Google Vision: Camera Tell

What is it?

This super-duper pimped out camera, the 'Camera Tell' enables you to take a picture and then it is analysed for you. Then the content of the image is read out to you, for example, "the picture contains, a cat, a tree and a bike". This started off as a fun project but as I was developing it I thought that it could be used as an aid to support people identifying where there were, what an object was and even what another person was feeling. So I added several other functions, take a picture and you can,

1) Read the content of the image
2) Identify a landmark
3) return the emotions that people in the image are displaying
4) Identify a specific logo or brand
5) Shut down the camera!

The Camera Tell in Action

Google Cloud Vision

All this is made possible via the Google Cloud Vision which has a wide range of 'image analysis tools'. You can try out the web based version here: Simply upload an image and the content of the image will be returned to you

To use any of the Cloud features you will need to first, head over to https://cloud.google.com/vision/ and set up the credentials to use the API. You need an account and also you will have to add your credit card details so that you can access the processing. Don't worry though, this account is free and you are not charged, as long as you stay within your free credit limit. I think the standard amount is £235. Download the JSON details to your Pi and then you are good to go.

Reading Labels

The first program that you will want to try is the 'reading labels'. This nifty little code looks at the image and then returns labels, basically what is in the image. It can even identify common objects like cars, lights and a Rubik's cube! Once you have your Cloud account set up, open your Python 3 editor and enter in the code below. In this example the image file is named 'image1,jpg'. You can replace this with the name of your file and also the JSON file on line three.

import io
import os
os.environ['GOOGLE_APPLICATION_CREDENTIALS'] = 'replace with your JSON file'
# Imports the Google Cloud client library
from google.cloud import vision
from google.cloud.vision import types

# Instantiates a client
client = vision.ImageAnnotatorClient()

def image_content():
content_list = []
# The name of the image file to annotate
file_name = os.path.join(
os.path.dirname(__file__),
'image1.jpg')

# Loads the image into memory
with io.open(file_name, 'rb') as image_file:
content = image_file.read()

image = types.Image(content=content)

# Performs label detection on the image file
response = client.label_detection(image=image)
labels = response.label_annotations

print('Labels:')
for label in labels:
print(label.description)

# append to the list
content_list.append(label.description)

There is a large range of detail tutriasl and code avaiable from the Cloud website, check them out at https://cloud.google.com/vision/docs/tutorials

Pi Camera

Once you are up to speed with various features of the Cloud Image service then you can add the Pi Camera to your set up. This means that you can take a live image and then upload it to the cloud and retrieve feedback in real time.
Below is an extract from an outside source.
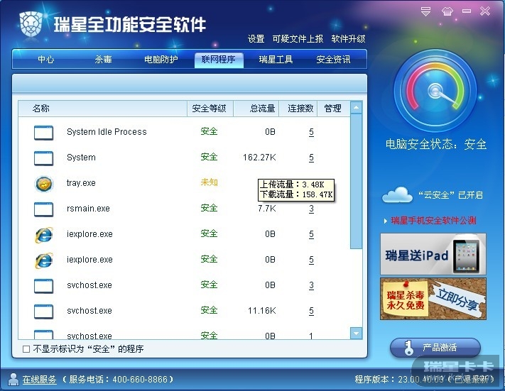现在我统一反馈2条问题一条是瑞星安全助手会误报宽带连接还请你们跟进解决这个问题,另外一个那就是瑞星安全功能2011,在查看联网程序会看见瑞星卡卡助手显示是未知文件,不知道这是什么原因,希望你们能解决这个问题
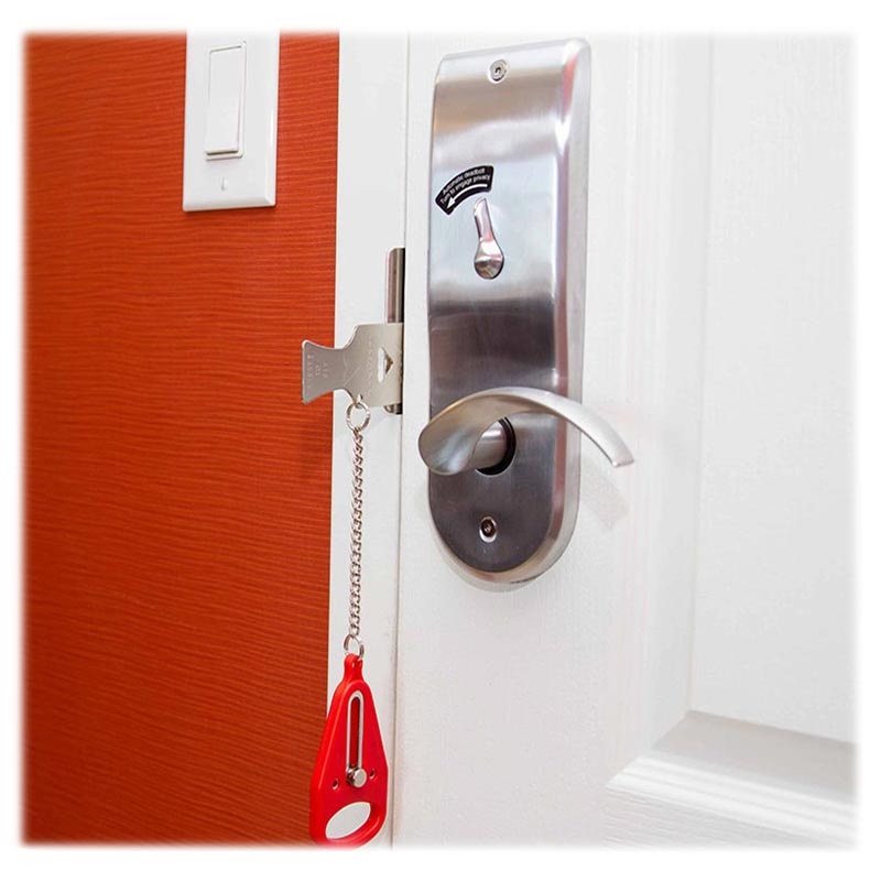 Povećajte svoju bezbednost kod kuće, u hotelu, motelu ili na bilo kom drugom mestu. Ova sigurnosna brava od nerđajućeg čelika se lako montira na vrata i skida sa njih, pri čemu sprečava njihovo otvaranje spolja, čak i upotrebom ključa. Uz to ih štiti čvrsta ABS plastika na samoj bravi.

I used the Pi Camera Version 2 as this has 8 mega pixels and the images are a good quality. You can adjust the resolution of the image to improve the upload speed, but this depends on your bandwidth.

Adding Buttons

Pimoroni Button SHIM is a cool HAT which adds five buttons and a RGB LED which can be used as an indicator. Head over to here to purchase one. Easy to install and even easier to code and program each button.

Putting it all together

The final part of the project was to use the Google Voice API to create a number of speech files for the introduction and instructions. Then the same API is used to tun the content labels, or the logo, emotions etc. in speech files so that they are read out to you. I also added a 'shutter' sound so that the user knows when the image has been captured. The whole project was then embedded into an old retro camera just to make it look proper sick!!